◆ PROBLEM DESCRIPTION: Every entry needs to be reproduced exactly.
── DATA EXCERPTS ──
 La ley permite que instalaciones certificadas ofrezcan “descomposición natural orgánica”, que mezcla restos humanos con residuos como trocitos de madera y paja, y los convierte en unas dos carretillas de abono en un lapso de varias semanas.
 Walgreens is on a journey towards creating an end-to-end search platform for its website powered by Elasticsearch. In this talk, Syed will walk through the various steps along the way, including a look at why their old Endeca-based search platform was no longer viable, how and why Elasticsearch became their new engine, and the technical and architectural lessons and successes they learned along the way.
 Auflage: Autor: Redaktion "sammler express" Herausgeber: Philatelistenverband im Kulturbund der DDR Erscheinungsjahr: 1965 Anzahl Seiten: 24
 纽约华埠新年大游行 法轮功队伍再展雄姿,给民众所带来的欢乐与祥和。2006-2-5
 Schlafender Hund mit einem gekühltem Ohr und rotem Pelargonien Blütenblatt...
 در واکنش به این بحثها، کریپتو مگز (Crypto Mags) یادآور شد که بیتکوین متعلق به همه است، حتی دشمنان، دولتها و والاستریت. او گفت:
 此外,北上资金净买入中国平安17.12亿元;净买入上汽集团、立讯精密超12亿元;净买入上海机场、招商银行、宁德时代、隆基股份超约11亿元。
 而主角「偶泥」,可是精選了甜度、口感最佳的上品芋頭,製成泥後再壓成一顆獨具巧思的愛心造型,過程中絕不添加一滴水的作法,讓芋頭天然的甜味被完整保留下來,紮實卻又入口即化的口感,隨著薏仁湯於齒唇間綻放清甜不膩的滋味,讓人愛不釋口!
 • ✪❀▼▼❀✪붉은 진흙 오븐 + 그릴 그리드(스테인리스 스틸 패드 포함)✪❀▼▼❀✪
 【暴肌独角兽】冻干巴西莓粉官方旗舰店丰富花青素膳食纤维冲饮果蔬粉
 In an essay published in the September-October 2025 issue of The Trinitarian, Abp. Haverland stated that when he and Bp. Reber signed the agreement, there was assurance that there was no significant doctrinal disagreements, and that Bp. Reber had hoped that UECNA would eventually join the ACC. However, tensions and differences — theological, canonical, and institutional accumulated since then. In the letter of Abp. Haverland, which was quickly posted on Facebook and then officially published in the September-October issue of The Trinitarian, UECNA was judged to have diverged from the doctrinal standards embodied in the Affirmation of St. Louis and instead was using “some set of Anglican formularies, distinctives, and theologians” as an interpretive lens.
───
◆ RESPONSE AREA:
 La ley permite que instalaciones certificadas ofrezcan “descomposición natural orgánica”, que mezcla restos humanos con residuos como trocitos de madera y paja, y los convierte en unas dos carretillas de abono en un lapso de varias semanas.
 Walgreens is on a journey towards creating an end-to-end search platform for its website powered by Elasticsearch. In this talk, Syed will walk through the various steps along the way, including a look at why their old Endeca-based search platform was no longer viable, how and why Elasticsearch became their new engine, and the technical and architectural lessons and successes they learned along the way.
 Auflage: Autor: Redaktion "sammler express" Herausgeber: Philatelistenverband im Kulturbund der DDR Erscheinungsjahr: 1965 Anzahl Seiten: 24
 纽约华埠新年大游行 法轮功队伍再展雄姿,给民众所带来的欢乐与祥和。2006-2-5
 Schlafender Hund mit einem gekühltem Ohr und rotem Pelargonien Blütenblatt...
 در واکنش به این بحثها، کریپتو مگز (Crypto Mags) یادآور شد که بیتکوین متعلق به همه است، حتی دشمنان، دولتها و والاستریت. او گفت:
 此外,北上资金净买入中国平安17.12亿元;净买入上汽集团、立讯精密超12亿元;净买入上海机场、招商银行、宁德时代、隆基股份超约11亿元。
 而主角「偶泥」,可是精選了甜度、口感最佳的上品芋頭,製成泥後再壓成一顆獨具巧思的愛心造型,過程中絕不添加一滴水的作法,讓芋頭天然的甜味被完整保留下來,紮實卻又入口即化的口感,隨著薏仁湯於齒唇間綻放清甜不膩的滋味,讓人愛不釋口!
 • ✪❀▼▼❀✪붉은 진흙 오븐 + 그릴 그리드(스테인리스 스틸 패드 포함)✪❀▼▼❀✪
 【暴肌独角兽】冻干巴西莓粉官方旗舰店丰富花青素膳食纤维冲饮果蔬粉
 In an essay published in the September-October 2025 issue of The Trinitarian, Abp. Haverland stated that when he and Bp. Reber signed the agreement, there was assurance that there was no significant doctrinal disagreements, and that Bp. Reber had hoped that UECNA would eventually join the ACC. However, tensions and differences — theological, canonical, and institutional accumulated since then. In the letter of Abp. Haverland, which was quickly posted on Facebook and then officially published in the September-October issue of The Trinitarian, UECNA was judged to have diverged from the doctrinal standards embodied in the Affirmation of St. Louis and instead was using “some set of Anglican formularies, distinctives, and theologians” as an interpretive lens.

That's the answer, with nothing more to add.